Spanish museum returns two Nazi-looted paintings to Poland

The Fernandez Lopez Building Expansion, part of the Museum of Pontevedra in Pontevedra, Spain, photographed in April 2012. On January 25, the museum returned to Poland two paintings that Nazi German forces stole from the country during World War II. Image courtesy of Wikimedia Commons, photo credit juantiagues. Shared under the Creative Commons Attribution Share-Alike 2.0 Generic license.

The Fernandez Lopez Building Expansion, part of the Museum of Pontevedra in Pontevedra, Spain, photographed in April 2012. On January 25, the museum returned to Poland two paintings that Nazi German forces stole from the country during World War II. Image courtesy of Wikimedia Commons, photo credit juantiagues. Shared under the Creative Commons Attribution Share-Alike 2.0 Generic license.

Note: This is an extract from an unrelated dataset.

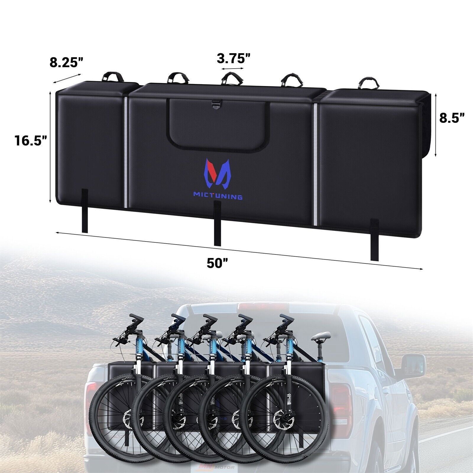 Hot Selling Parts UK Stock-Hot Sale US--LED Rock Lights US--Light Strip US--Swtich Panel US HOT SALE Tailgate Bike Pad for 5-Bike Racks Pickup Truck Bed Tailgate Protector Cover US MICTUNING Tailgate Bike Pad for Mountain Bike, Secure 5 Bikes on Truck, with Reflective Strips and Tool Pocket, for Outdoor Bicycle Transportation About the item: Secure Transport for up to 5 Bikes - Our 50"L X 16.5"H X 8.25"D Tailgate Pad Features Adjustable Straps That Hold up to 5 Bikes Firmly in Place, Protecting Both Your Truck and Your Bikes from Scratches or Damage During Transport Built for All Weather Conditions - Made from 600d Pvc, the Bike Pad's Waterproof and Abrasion-resistant Outer Layer Protects Against the Elements. the Soft Flannelette Inner Layer, Combined with a Thick Shock-absorbing Pad, Ensures Your Bikes Stay Safe and Steady on Bumpy Roads Enhanced Safety with Reflective Strips - High-visibility Reflective Strips Improve Safety During Nighttime or Low-light Trips, Making Your Truck Easily Noticeable to Other Drivers Backup Camera-friendly Design - Features a Roll-up Window That Aligns with Your Backup Camera, Maintaining Full Functionality for Hassle-free Parking and Navigation Tool Pocket on the Back - Keeps Your Repair Tools and Small Accessories Organized and Easily Accessible, Ensuring You're Always Prepared for Your Outdoor Adventures Why Choose the MICTUNING Tailgate Bike Pad? The MICTUNING Tailgate Bike Pad is your ultimate solution for secure bike transportation. It safely holds up to 2 bikes/5 bikes/ with adjustable straps, protecting your truck and bikes from damage. Crafted from durable 600D PVC. Waterproof, weather-resistant, and shock-absorbing. Reflective strips enhance safety in low-light conditions. The convenient pocket keeps tools and accessories within reach. Universal fit and easy installation make it a breeze for any truck owner. Payment Delivery details Terms of sales About us Contact us Payment - We accept internet transfer, bank deposit and all major credit cards through Payoneer. - If you want to delay the payment due to financial issue, please contact us via eBay message within 3 days. Delivery details - ONLY ship to Payment shipping address. Please leave detail address in the order. - As for PR / HI / GU states, please type in "US" on the country blank. - Expedited Shipping is Available, please contact us for more shipment service and postages if needed. Terms of sales International Buyers – Please Note: Import duties, taxes and charges are not included in the item price or shipping charges. These charges are the buyer's responsibility. Please check with your country's customs office to determine what these additional costs will be prior to bidding/buying. When you receive item damaged, defective, not as described or wrong item, please email us with pictures within 48 hours. To resolve any problem better and faster: 1. All labels with clear words on the package are needed. 2. The real goods you received with packing details. 3. Different angles of the products and package to show the problem clearly. Please note we do not accept International Return (For customer who purchase via Global Shipping Program) About us Working Time: - Usually from 9:30 AM-18:00 PM, Monday to Saturday. - Off-duty on Weekends, and national vacations. - We are committed to solve all issues in a friendly and satisfactory manner. - Thanks for your supporting. Your good feedbacks and product reviews are much appreciated. Contact us - Anything needed help, please contact us via message before opening a request/case, we'll soon reply you. - We usually reply emails in 2 business days. So if you have any product issues needed help in urgent, attach us clear pictures to show them, which better help to solve your problem.

MADRID (AP) – A museum in northwest Spain returned two 15th-century paintings to Polish officials on January 25 after it was determined that they had been looted by Nazi German forces during World War II.

The religious paintings Mater Dolorosa (Mother of Sorrows) and Ecce Homo (Behold the Man) were delivered to a delegation from Poland’s culture ministry. According to Spain’s Museum of Pontevedra, the works were originally believed to be by Dieric Bouts, a Flemish master born in the Dutch town of Haarlem, but now they are attributed to a member of his school or group.

The museum said that in 2020 Polish officials made it aware that the works had been looted by Nazi forces. The museum quickly decided to send them back to Poland, but the completion of official permits for the transfer had delayed it until now.

Nazi forces stole the works from the Czartoryski collection in Goluchow when the city was occupied by the German military in WWII, Polish officials said. They appeared in Madrid in 1973 and had been in the Pontevedra museum since 1994 when they were acquired among more than 300 works purchased from a Spanish private collector.

Poland saw much of its cultural patrimony destroyed or looted during the country’s wartime occupation by Nazi Germany and the Soviet Union, and about 500,000 items remain missing.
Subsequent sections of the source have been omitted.